Originally published by 2 Minute Medicine® (view original article). Reused on AccessPediatrics with permission.

1. Among sub-Saharan African children with sickle cell anemia (SCA) treated with hydroxyurea, 5.1% experienced dose-limiting toxic events, well below the protocol-specified allowable rate of 30%.

2. Compared to pretreatment rates, children treated with hydroxyurea had significantly reduced rates of vaso-occlusive pain, infection, malaria, transfusion, and death after one year.

Evidence Rating Level: 1 (Excellent)

Study Rundown:

The majority of individuals with SCA are born in sub-Saharan Africa, where public screening and access to quality care are limited. Though hydroxyurea is an established treatment in both children and adults with SCA, data is limited on safety in Africa, where co-existing conditions and malnutrition could impact toxicity thresholds.

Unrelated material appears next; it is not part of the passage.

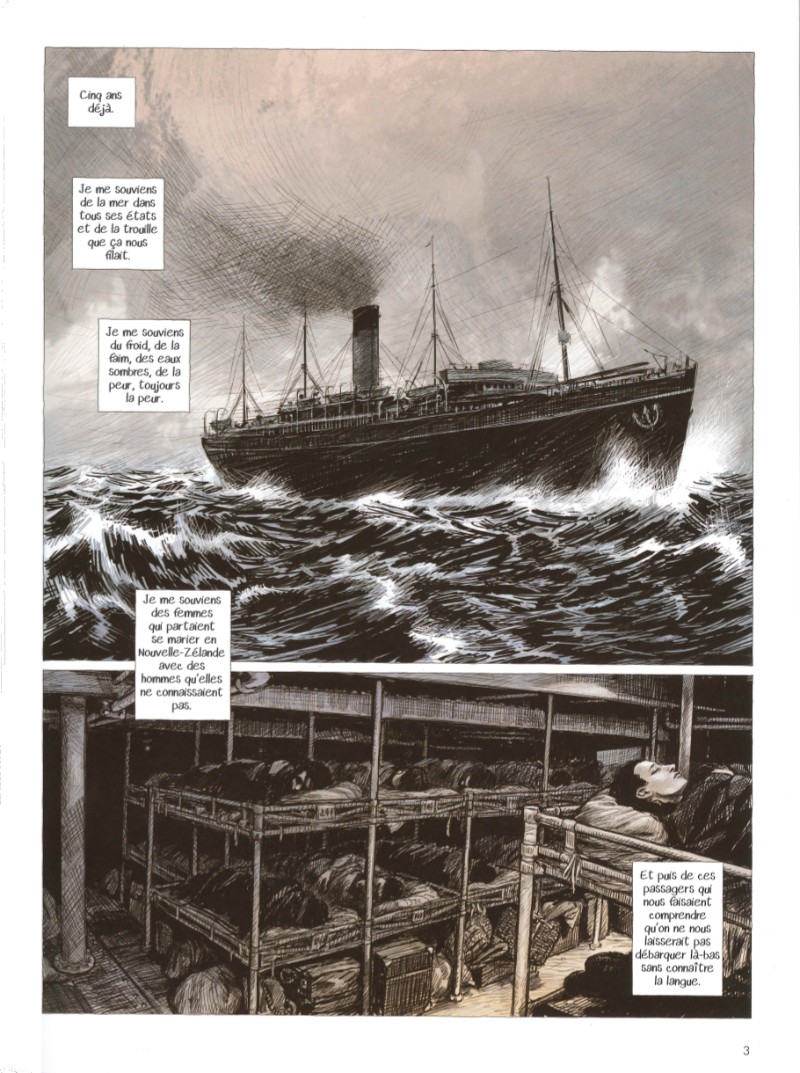 Preuve du talent de Pastor, dès les premières pages le charme opère, on est immédiatement transporté dans cet archipel fraîchement colonisé du Pacifique qu'est la Nouvelle-Calédonie de 1920. Il y a un je-ne-sais-quoi de La Leçon de Piano de Campion dans la façon de dépeindre cette immersion de petits gens civilisés en pleine cambrousse inhospitalière, loin du bruit et de la fureur des villes industrielles d'alors mais aussi loin de la communauté et de la société qui leur ressemble (les villages de Savoie pour notre quatuor). Le malaise est prégnant, à travers le personnage de Pauline notamment, qui transmet à merveille cette incapacité de se sentir chez soi sur une terre volée, dans un monde qui n'est pas le notre. Alors que tout concorde à faire croire que cela pourrait être un petit bout de paradis , la plage de sable fin, la faune et la flore exotique, des autochtones sympathiques et corvéables, un style de vie simple mais confortable pour les colons (pensée émue du Coup de Torchon de Tavernier), ce microcosme va progressivement s'auto-détruire et transformer l'histoire en véritable tragédie. Le dessin -numérique qui n'en a pas l'air à base de hachures "Bic"- de Pastor sert avec virtuosité ce beau récit d'aventure historique, des cases sont sublimes (la poursuite sous la pluie, les paysages de forêts tropicales), les couleurs chatoyantes, l'atmosphère ilienne superbement retranscrite. Une belle lecture qui m'invite à me précipiter sur l'opus antérieur qui peut aussi se suffire à lui-même, Le Sentier des Reines.Le 21/09/2017 à 16:09:06

The prospective Realizing Effectiveness across Continents with Hydroxyurea (REACH) trial was designed to investigate the safety, efficacy, and feasibility of hydroxyurea treatment for children in sub-Saharan Africa with SCA. The primary end point, hematologic dose-limiting toxic effects in the first three months, was well below the protocol-specified safety threshold. Compared to the pretreatment period, one year of treatment with hydroxyurea led to significant increases in hemoglobin and fetal hemoglobin levels and significant decreases in vaso-occlusive pain, malaria and nonmalaria infection, transfusions, and death. Adherence and retention rates were high throughout the trial period. The results emphasize the importance of providing wider access to hydroxyurea for this patient population, where disease burden is the greatest.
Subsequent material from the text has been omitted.